Имя Николая Евгеньевича Вечтомова прочно связано с Лианозовской группой художников. Своё название группа получила от станции Лианозово по Савёловской железной дороге — рядом с нею жили художники Евгений Кропивницкий и Ольга Потапова и их дочь Валентина Кропивницкая с мужем Оскаром Рабином. Но для того чтобы тесное семейное пространство расширилось, понадобилось внешнее событие: в молодой семье начинающего художника Николая Вечтомова и его жены Музы родилась дочь. И когда Музе предложили преподавать русский язык в подмосковной школе, семья переехала из пятнадцатиметровой комнатки московской коммуналки в деревню Виноградово, что на станции Долгопрудная. Иногда к ним в гости приезжал Владимир Немухин. С ним или без него Николай Вечтомов постоянно ходил на этюды. И однажды кто-то сказал ему, что неподалёку тоже живёт художник…

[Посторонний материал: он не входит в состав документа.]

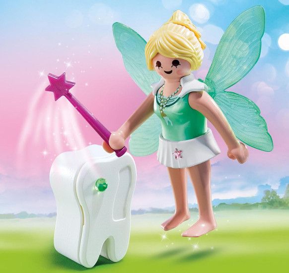 Zawartość: figurka wróżki-zębuszki, ząbek skrytka oraz akcesoria.
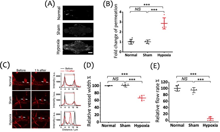 Fig. 2 Effects of a 15 min hypoxic insult on BBB integrity, vasculature structure, and cerebral blood flow in zebrafish larvae, assessed 1 h postinsult. (A) Representative images of the cranial region showing the extravascular accumulation of fluorescent tracers (gray: RITC-dextran, MW: 10 k), 1 h posthypoxia following vascular injection, indicating BBB disruption in the Hypoxia group. Scale bar: 100 μm. (B) Fold change in tracer permeation, highlighting a significant increase in BBB permeability in the Hypoxia group compared to the Normal and Sham groups. (C) Left: Representative images of cerebral vasculature (red: mCherry) in zebrafish larvae before and 1 h after the 15 min hypoxic insult. White arrows indicate the proximal region of the first branch of the central artery (CtA1st), where vessel width measurements were taken. Scale bar: 20 μm. Right: Cross-sectional fluorescence intensity profiles showing vessel width changes pre- and posthypoxia. (D) Quantification of the relative vessel width in the CtA1st across the Normal, Sham, and Hypoxia groups, showing a significant reduction in the Hypoxia group. (E) Relative flow rate in the CtA1st, demonstrating a significant reduction in the Hypoxia group compared to the Normal and Sham groups. Data are shown as mean ± SD with individual data points (n = 5 larvae per group) in panels (B), (D), and (E).

Выйдя как-то раз писать дом напротив, Николай Евгеньевич увидел пожилого человека, писавшего тот же дом с другой стороны. Они познакомились. Это и был Евгений Леонидович Кропивницкий. Все перезнакомились; вскоре из лагеря на Балхаше вернулся Лев Евгеньевич Кропивницкий. Сплотилось ядро группы, ныне всемирно известной: Евгений Кропивницкий (в своё время он учился у К. А. Коровина и В. А. Серова), его жена Ольга Потапова, Лев и Валентина Кропивницкие, Вечтомов, Рабин, Немухин, Лидия Мастеркова. "Встретились мы как бы на остановке, — скажет много позже В. Немухин, — но оказалось, что всем ехать в одну сторону". Так обычная подмосковная железнодорожная станция превратилась в метафору, в страницу истории отечественного искусства.
Вечтомов любит вспоминать о долгих вечерних прогулках по полупустому Дмитровскому шоссе. Чаще всего его спутником оказывался Оскар Рабин. Иногда к гуляющим присоединялся поэт Генрих Сапгир. Они направлялись в сторону от Москвы, всё более погружаясь в особое, вечернее состояние природы — закатный свет, бледный контур луны над горизонтом… Эти прогулки вызвали в Вечтомове особое отношение к цвету — плотному, насыщенному — и к свету. Однажды он словно впервые увидел свечение облаков, чуть подкрашенных вечерней зарёй. Из этого впечатления родились колористические решения его первых абстрактных композиций.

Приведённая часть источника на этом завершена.